I'm trying to calculate the Hessian matrix of the formula $$ f(w) = x_0^T(XWX^T)^{-1}x_0 $$ where $w=(w_1,\cdots ,w_n)^T$, $W=\operatorname{Diag}(w)$ is a diagonal matrix that has $w$ as diagonal elements, $x_0$ is a column vector, $X$ is a matrix.
To calculate the first-order derivative, do I need to first transform $W$ into $$\sum_i w^T e_i E_i,$$ where $e_i$ is a column vector whose $i$-th element is $1$ and others $0$, and $E_i$ is a matrix whose $(i,i)$ element is $1$ and others $0$? Any reference is appreciated.
$\def\o{\operatorname}\def\t{\o{Tr}}\def\v{\o{vec}}\def\d{\o{diag}}\def\D{\o{Diag}}\def\p#1#2{\frac{\partial #1}{\partial #2}}$For typing convenience, define the symmetric matrices $$\eqalign{ A = X\,\D(w)\,X^T \quad\qquad B = A^{-1}x_0x_0^TA^{-1} \\ }$$ and use a colon as a product notation for the trace, i.e. $$\eqalign{A:B = \t(A^TB) = B:A}$$ Write the function in terms of the new variables. Then calculate the differential and gradient. $$\eqalign{ f &= x_0x_0^T:A^{-1} \\ df &= x_0x_0^T:dA^{-1} \\ &= -x_0x_0^T:A^{-1}dA\,A^{-1} \\ &= -B:dA \\ &= -B:X\,\D(dw)\,X^T \\ &= -X^TBX:\D(dw) \\ &= -\d\left(X^TBX\right):dw \\ &= -\d\left(X^TA^{-1}x_0x_0^TA^{-1}X\right):dw \\ \p{f}{w} &= -\d\left(X^TA^{-1}x_0x_0^TA^{-1}X\right) \;\doteq\; g\quad\big({\rm gradient}\big) \\ }$$ where the $\d(M)$ function takes the main diagonal from its matrix argument and returns it as a column vector, while the $\D(v)$ function takes its vector argument and creates a diagonal matrix.

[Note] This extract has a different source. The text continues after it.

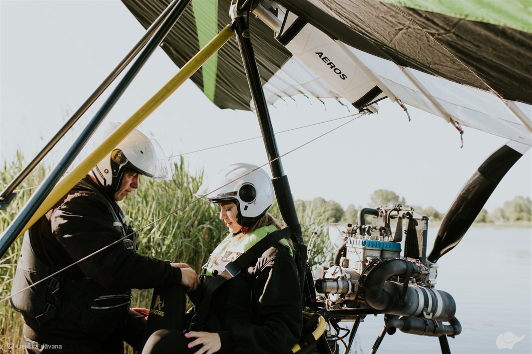 Motodeltaplāns apvieno planiera vieglumu ar motora jaudu, ļaujot izbaudīt īpašu brīvības sajūtu lidojumā. Atvērtā kabīne paver iespaidīgu panorāmu no putna lidojuma, dāvinot ne tikai elpu aizraujošus skatus, bet arī spilgtas emocijas un jaunu skatījumu uz pilsētu! Izmēģiniet paši vai pārsteidziet kādu ar šo unikālo piedzīvojumu! Lai pilnībā baudītu mirkli un vēlāk atcerētos spilgtās emocijas, lidojuma laikā tiks uzņemti foto un video.

NB: The properties of the trace allow the terms in a colon product to be rearranged in many equivalent ways, e.g. $$\eqalign{ A:B &= B:A = B^T:A^T \\ CA:B &= C:BA^T = A:C^TB \\ }$$
A comment asked for the Hessian.
If you define $$\eqalign{ y &= X^TA^{-1}x_0 \\ dy &= -X^TA^{-1}X\,dW\,X^TA^{-1}x_0 \\ Y &= \D(y) \\ }$$ then you can write the gradient as $$\eqalign{ g &= -\d(yy^T) = -Yy \\ }$$ The Hessian is the gradient of this, so $$\eqalign{ dg &= -\d(dy\,y^T + y\,dy^T) \\ &= -2Y\,dy \\ &= +2Y\Big(X^TA^{-1}X\,dW\,X^TA^{-1}x_0\Big) \\ &= 2YX^TA^{-1}X\,dW\,y \\ &= 2YX^TA^{-1}XY\,dw \\ \p{g}{w} &= 2 YX^TA^{-1}XY \;\doteq\; H \qquad\big({\rm Hessian}\big) \\ }$$ $(Y,dW)$ are diagonal matrices corresponding to the $(y,dw)$ vectors, therefore $$dW\,y = Y\,dw$$ The Hessian is obviously symmetric, and since $(X,Y)$ appear an even number of times, its positivity is determined by the $A^{-1}$ term, which in turn is determined by $\D(w)$, which in turn is determined by the signs on the individual $(w_k)$ elements.